Ihr letztes Spiel haben die Edewechter A-Junioren in der Landesliga Mitte November ausgetragen. Seitdem wartet das Team auf seinen nächsten Einsatz. „Wir würden gerne spielen. Bei uns sind zum Glück mittlerweile alle Spieler geboostert. Aber momentan ist es wirklich frustrierend für die Jungs. Man bereitet sich auf ein Spiel vor und dann wird es immer wieder kurzfristig abgesagt. Das demotiviert“, sagt VfL-Trainer Knut Trepper.

Er hätte sich vom HVN eine klarere Ansage gewünscht: „Eigentlich hat doch jeder bereits gewusst, dass es in der Omikron-Welle schwierig werden würde, Mitte Januar wieder in den Spielbetrieb einzusteigen. Vielleicht wäre eine länger angeordnete Winterpause, wie es sie in anderen Sportarten gibt, besser gewesen“, sagt Trepper.

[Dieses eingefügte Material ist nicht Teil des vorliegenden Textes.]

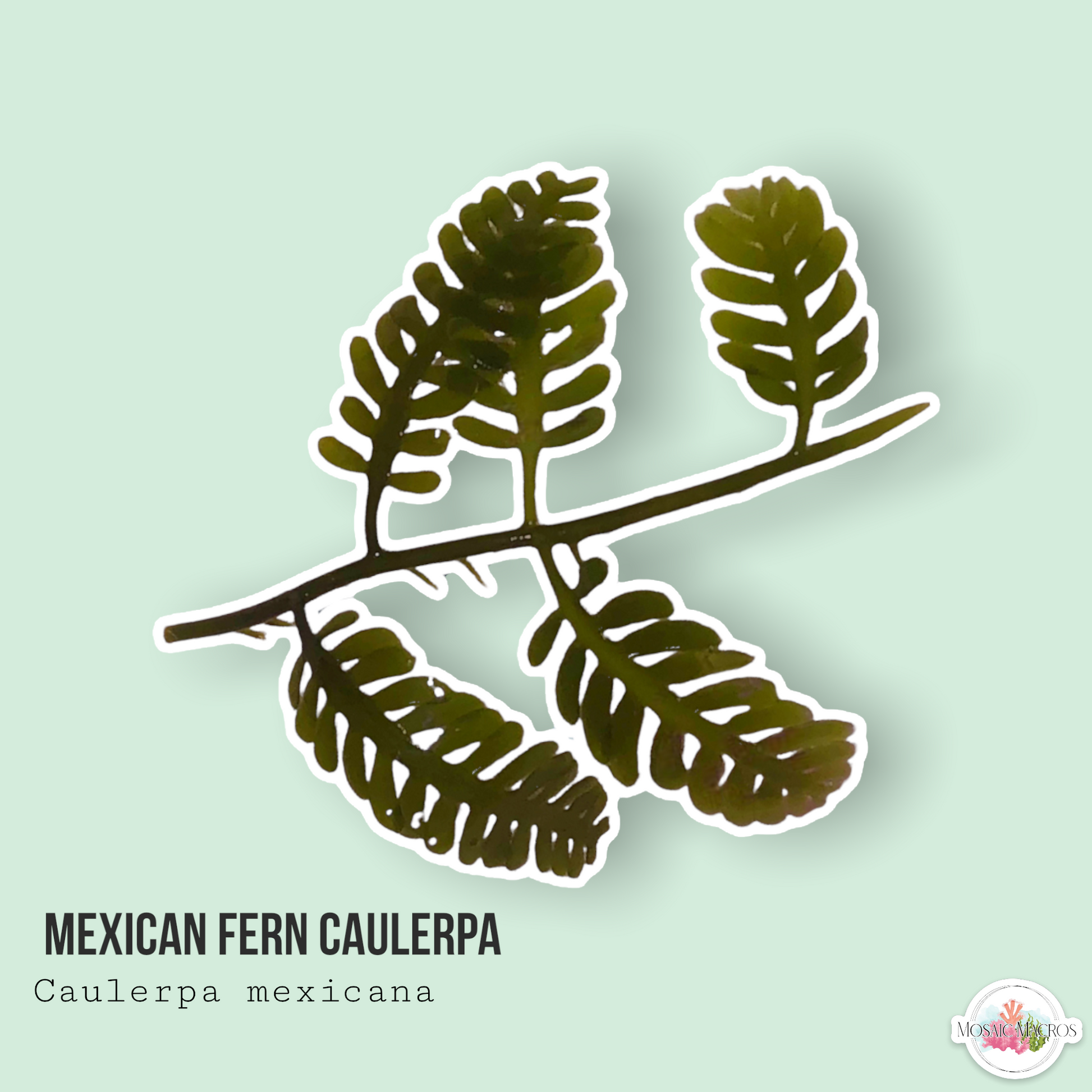 Caulerpa mexicana is a prolifically-growing marine macroalgae that is most often used in the display aquarium due to their attractive, fern-like blades. This species forms a long stolon as well as holdfasts that will hold the algae in place within the sandbed or rockwork of an aquarium.
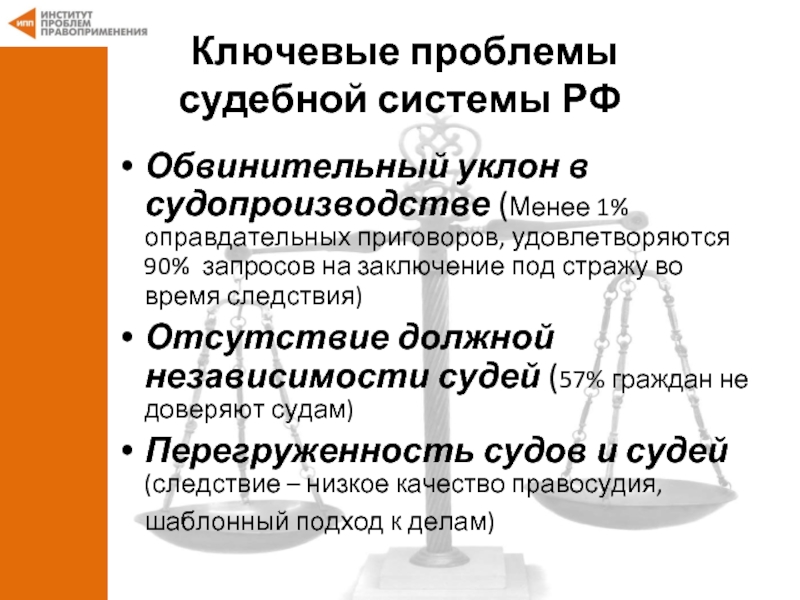 Отсутствие должной независимости судей (57% граждан не доверяют судам)
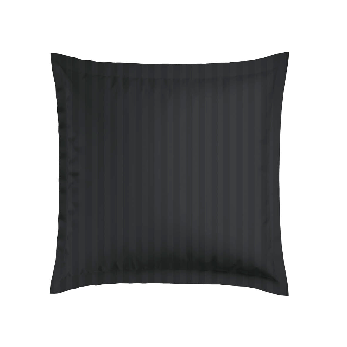 Taie(s) d'oreiller satin de coton rayure tissé dobby - Noir
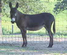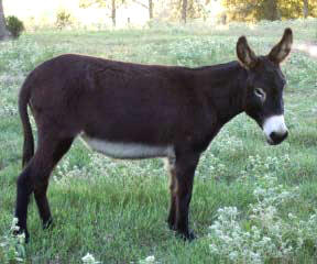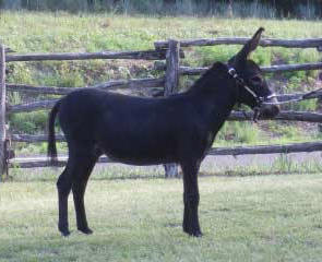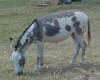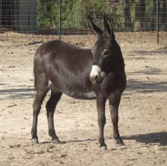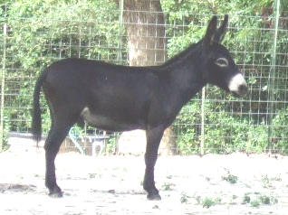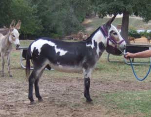 Tangueray is our 'go-to' man! He loves to pasture with a small herd of jennys to call his own. He is very well-mannered and never gets out of line or rough with his ladies. He will produce beautiful black foals with fabulous 'Betty Grable' eyes when bred to dark brown jennys, and he is also a consistent producer of dark spotted foals when bred to spots!
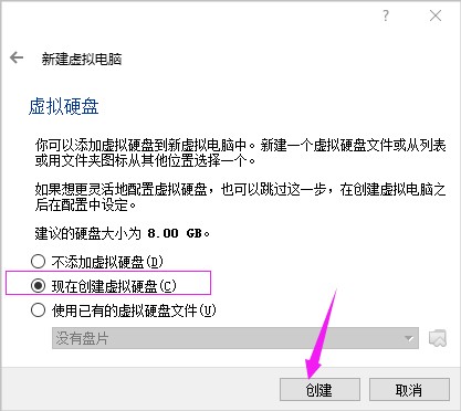4、在打开的界面中保持默认设置,单击“创建”按钮,新建一个虚拟硬盘。

Der Edewechter Coach schaut zudem mit sorgenvollem Blick auf den Spielplan. Bisher hat sein Team erst sechs von 16 zu absolvierenden Partien ausgetragen. Bis Ende Mai haben die Teams dafür noch Zeit. „Irgendwann muss es auch wieder weitergehen. Sonst kriegen wir die Spiele nicht mehr nachgeholt“, gibt Trepper zu Bedenken. Er könne aber gut nachvollziehen, wenn Mannschaften in der momentanen Situation nicht zu den Punktspielen antreten wollen.

Ob seine Mannschaft, die seit Mitte Januar fleißig für ihr Comeback trainiert, an diesem Sonntag im Einsatz sein wird, ist auch noch offen. Angesetzt ist das Heimspiel um 15.30 Uhr in der Heinz-zu-Jührden-Sporthalle in Edewecht gegen die HG Jever/Schortens erst einmal.